I always try to update the tool with the latest scripts and as it stands right now on my GitHub it has the latest scripts. the latest release also allows you to dump just the keystone, just the base game, just the update, just the DLC or all of it at once. 

there is an issue with the dump to USB bin and actually dumping the entire game if it is newer. the only current work around that I am aware of is by using the FTP dump scripts. 

this may be an issue with the bin itself or with the way the new games are. 

personally I have not been able to dump a newer game and have it working with the bin file. this includes using the internal bin tool and using netcat. 

I have however had nearly a 100% success rate with dumping and building using the FTP Scripts


----------



## ChaosKid01 (Jan 12, 2022)

i checked out codemasters program and it seems too use the same ftpdump file as hippie68 program


----------



## codemasterv (Jan 12, 2022)

ChaosKid01 said:


> i checked out codemasters program and it seems too use the same ftpdump file as hippie68 program


yep it is his scripts and the only thing that is different is I use Ubuntu 20.04 and not WSL commands.

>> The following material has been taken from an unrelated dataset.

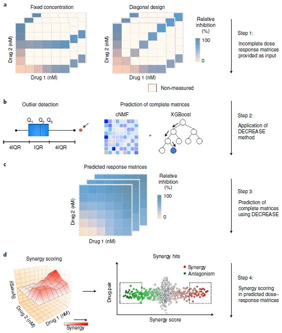 DECREASE预测方法主要由两阶段构成:(1)对有限的测量实验设计(如固定浓度或对角设计)获得的稀疏矩阵进行离群值检测;(2)使用cNMF算法预测完全剂量反应矩阵。最后,通过任意一种协同模型识别最好的协同药物组合。
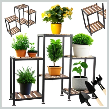 Suport pentru flori din metal și lemn, cu dispunere în trepte, 6 rafturi – 27401

WSL will use whatever you have set as the default subsystem and this could be the strip down bash version whereas Ubuntu it is a little more fleshed out. 

other than that it is a copy of his scripts minus the batch files. I made changes only to his batch files. for example I have it restart the subsystem before attempting to launch the script and I also have the batch file use dos2unix to ensure that it is in Unix format before trying to execute the script because if it has Windows symbols within the file it could error at the start or halfway through.


----------



## ChaosKid01 (Jan 12, 2022)

I found by using ftp on your system only speeds up the download where if you have goldhen running downloads become slower. i also noticed that the script downloads the PFS_Image.dat file for download then decrypts it


----------



## ChaosKid01 (Jan 12, 2022)

i cant use ubuntu on my system anyway its kind of a pain in the rear end on a trident 3 system i already looked into it


----------



## codemasterv (Jan 12, 2022)

ChaosKid01 said:


> i cant use ubuntu on my system anyway its kind of a pain in the rear end on a trident 3 system i already looked into it


if you can run wsl you can run Ubuntu 20 WSL. just go into the window store and download it. 

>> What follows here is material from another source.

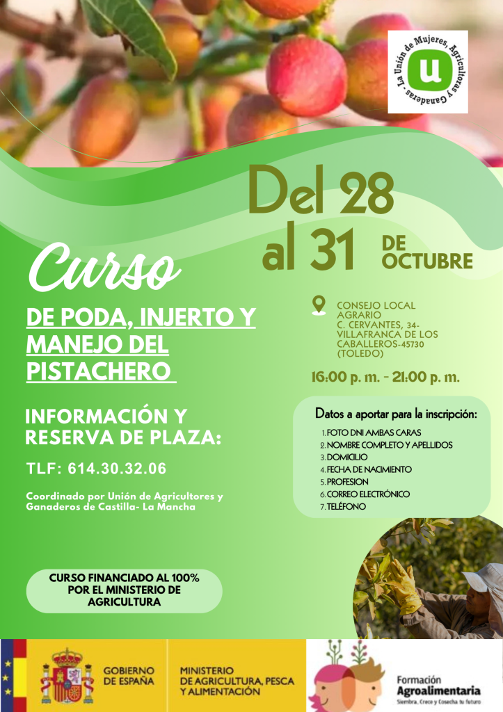 La Unión de Castilla-La Mancha organiza un Curso de Poda, Injerto y Manejo del Pistachero, una excelente oportunidad para formarte en técnicas fundamentales para el cultivo de este valioso fruto.

if your system is not running Windows but running Linux you just use the dump script then and not the batch file.


----------



## godreborn (Jan 12, 2022)

maybe upgrade to wsl v2 through power shell.  it's supposed to make things faster.  I have wsl ubuntu on my system paired through docker to use orbisdev sdk, then debian to use both orbisdev normally (not through docker) and openorbis sdk.  I still need to write a tutorial on using them.


----------



## codemasterv (Jan 12, 2022)

godreborn said:


> maybe upgrade to wsl v2 through power shell.  it's supposed to make things faster.  I have wsl ubuntu on my system paired through docker to use orbisdev sdk, then debian to use both orbisdev normally (not through docker) and openorbis sdk.  I still need to write a tutorial on using them.

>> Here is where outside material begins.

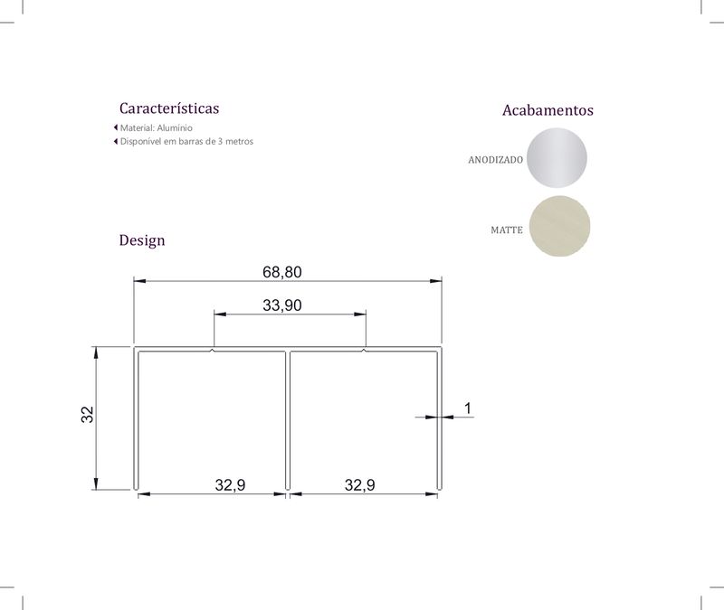 Perfil para instalação na parte superior do móvel. Foi desenvolvido exclusivamente para ser usado com o sistema de portas All Easy. Barras de 3 metros. Garantia de portas de correr com deslizamento suave e sem complicações!

if you install through the Windows store it does the kernel update to wsl2 automatically. 

otherwise you can download the kernel update which is just an exe file and you install that way and reboot. 

or you can set the version to 2 but by doing it through powershell it will just redirect you to download the kernel update EXE.


----------



## godreborn (Jan 12, 2022)

codemasterv said:


> if you install through the Windows store it does the kernel update to wsl2 automatically.
> 
> otherwise you can download the kernel update which is just an exe file and you install that way and reboot.
> 
> or you can set the version to 2 but by doing it through powershell it will just redirect you to download the kernel update EXE.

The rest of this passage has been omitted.